Since Charles Green walked into Ibrox as the new owner of the assets and business of Rangers, he has taken on an aggressive stance against those he perceives as acting against the interests of what he acquired for his investors. He is happy to take on the football authorities, the other clubs and the BBC, all of which has impressed the fans of Rangers and seems to have won many of them over, despite initial misgivings.
According to the Daily Mail today (yes, I know) Mr Green has now a potential battle coming up with someone else. The paper suggests that the dispute regarding sums paid by UEFA to the SFA for use of players in the European Championship qualifiers is complicated, not simply because of the SFA’s refusal, so far, to pay this money to newco, being Mr Green’s company, rather than to Duff & Phelps, as administrators of oldco.
The paper quotes Mr Green:-
“Rangers FC were due in excess of 300,000 euros for player participation in the Euro 2012 qualifiers, (but) the SFA have refused to confirm that the monies are due to Rangers FC despite obligations placed on them from UEFA that these monies should be distributed to member clubs.”
However, according to the Mail, the SFA is withholding the payment as a claim has been lodged for the money by Duff & Phelps.
If this is correct, and when have the press ever been wrong, it suggests that a theme I have been banging on about for months might actually have some credence. The question which I, and wiser folk, have been asking, is what precisely did newco buy from oldco. It was a surprise to find that, for example, the £5.5 million purchase price apparently included the right, subsequently waived by newco, to receive around £2.5 million of SPL prize money. There were questions too about whether oldco or newco stood to receive the transfer fees still due to Rangers.
If there is a dispute about this money, that would suggest either than it was not included in the sale agreement at all (in which case it would remain oldco’s) or more likely there is a difference of opinion between Mr Green and newco on one hand, and oldco and D&P on the other about what they actually bought.
If that is the case, then there is the potential for an unusually titled court action, namely that of a “multiplepoinding”, which is the Scottish legal procedure used when property is in the hands of a third party, who does not ultimately own it, and there are two or more competing parties claiming title to it.
The article also mentions that as a consequence of this Biggart Baillie, the solicitors who have acted for both oldco and newco, and particularly in connection with the SPL Independent Commission, might be forced to drop one of their clients due to a conflict of interest.
I do not know whether Biggart Baillie acted for either party in the sale transaction.
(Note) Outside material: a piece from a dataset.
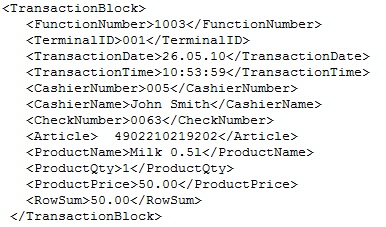 - When parameter specified in the [IGNORE_ZERO] section equals zero, the corresponding POS event will be ignored. For example, package is received from the POS, and the following text is specified in the xml_titles.txt file, than section with the specified event won't be added to the POS_LOG_DETAIL table.
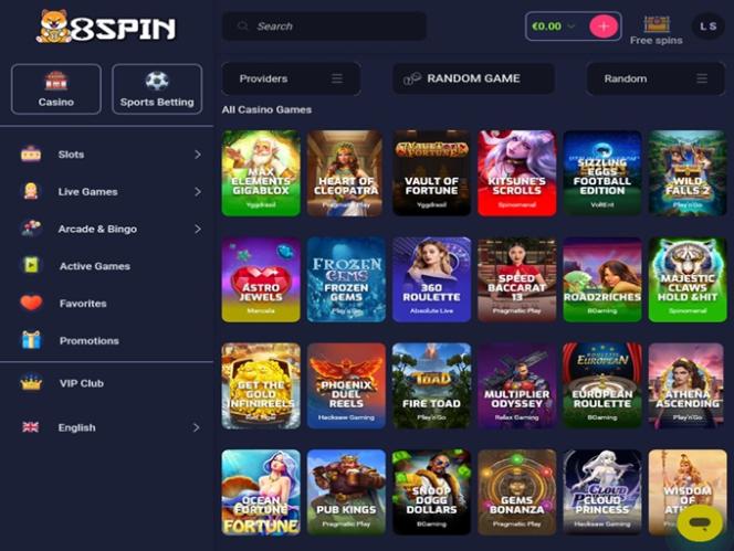 उदाहरण के लिए, 8Spin कैसीनो में 35 सॉफ्टवेयर स्टूडियो हैं, और हालांकि यह सबसे बड़ी संख्या नहीं है जो हमने देखी है, लेकिन इनमें से अधिकांश को सर्वश्रेष्ठ माना जाता है। कुछ प्रदाताओं के नाम इस प्रकार हैं: Net Entertainment, Big Time Gaming, Evolution Gaming, Novomatic, Play'n GO, playson, Quickspin, Relax Gaming, Yggdrasil, Wazdan, Pragmatic Play, Nolimit City, Red Tiger Gaming, Spinomenal, Fugaso, Fantasma Games, Skywind, BGAMING, Electric Elephant Games, Slot Factory, Mancala Gaming, Blue Guru Games, Tom Horn Gaming, Wild Streak Gaming, 4ThePlayer, AvatarUX, Max Win Gaming, Peter And Sons, Absolute Live Gaming, PoggiPlay, Spribe, Jili, Print Studios, Four Leaf Gaming, Reel Kingdom, VoltEnt and Sneaky Slots

However as the firm has been the legal advisor to the administrators in relation to Scottish matters since their appointment, and has been paid over £350,000 in fees so far, I suspect that they would not be able to continue to act for newco. This would be even starker if the disagreement was in fact the result of a differing interpretation of the sale agreement between oldco and newco.
Indeed the conflict issue could preclude them acting for either party in this dispute at least.
This also presents an interesting scenario.
If this dispute about these funds forces Biggart Baillie to stop acting for newco, then they will engage new solicitors. Those advisers might very well give different advice about attendance at the Independent Commission. Lawyers with whom I have spoken about the situation are universally surprised by the stance of simply refusing to turn up at a hearing to argue jurisdiction when it has already been stated that their appearance at such a hearing would not, per se, be an acceptance of the Commission’s jurisdiction. (I mean no criticism of Biggart Baillie’s advice to newco, and oldco on this matter – I merely comment as an outside observer.)
Should Mr Green be advised that his best chance of successfully challenging the proceedings of the Independent Commission, either at the Commission itself, or at a subsequent appeal to the SFA or the courts, would come from attending at the so-called “kangaroo court”, then would he follow the legal advice, or risk alienating some of his supporters by performing what would be seen, by some, as a climb down, or surrender to the SPL?
After all of the legal issues which have arisen for discussion during the course of the Rangers saga over the last couple of years, taking in Company Law, Tax Law, Insolvency Law, Sports Law, Employment Law and the rest, it is nice to see the possibility of a good old multiplepoinding too!
The story shall, of course, continue!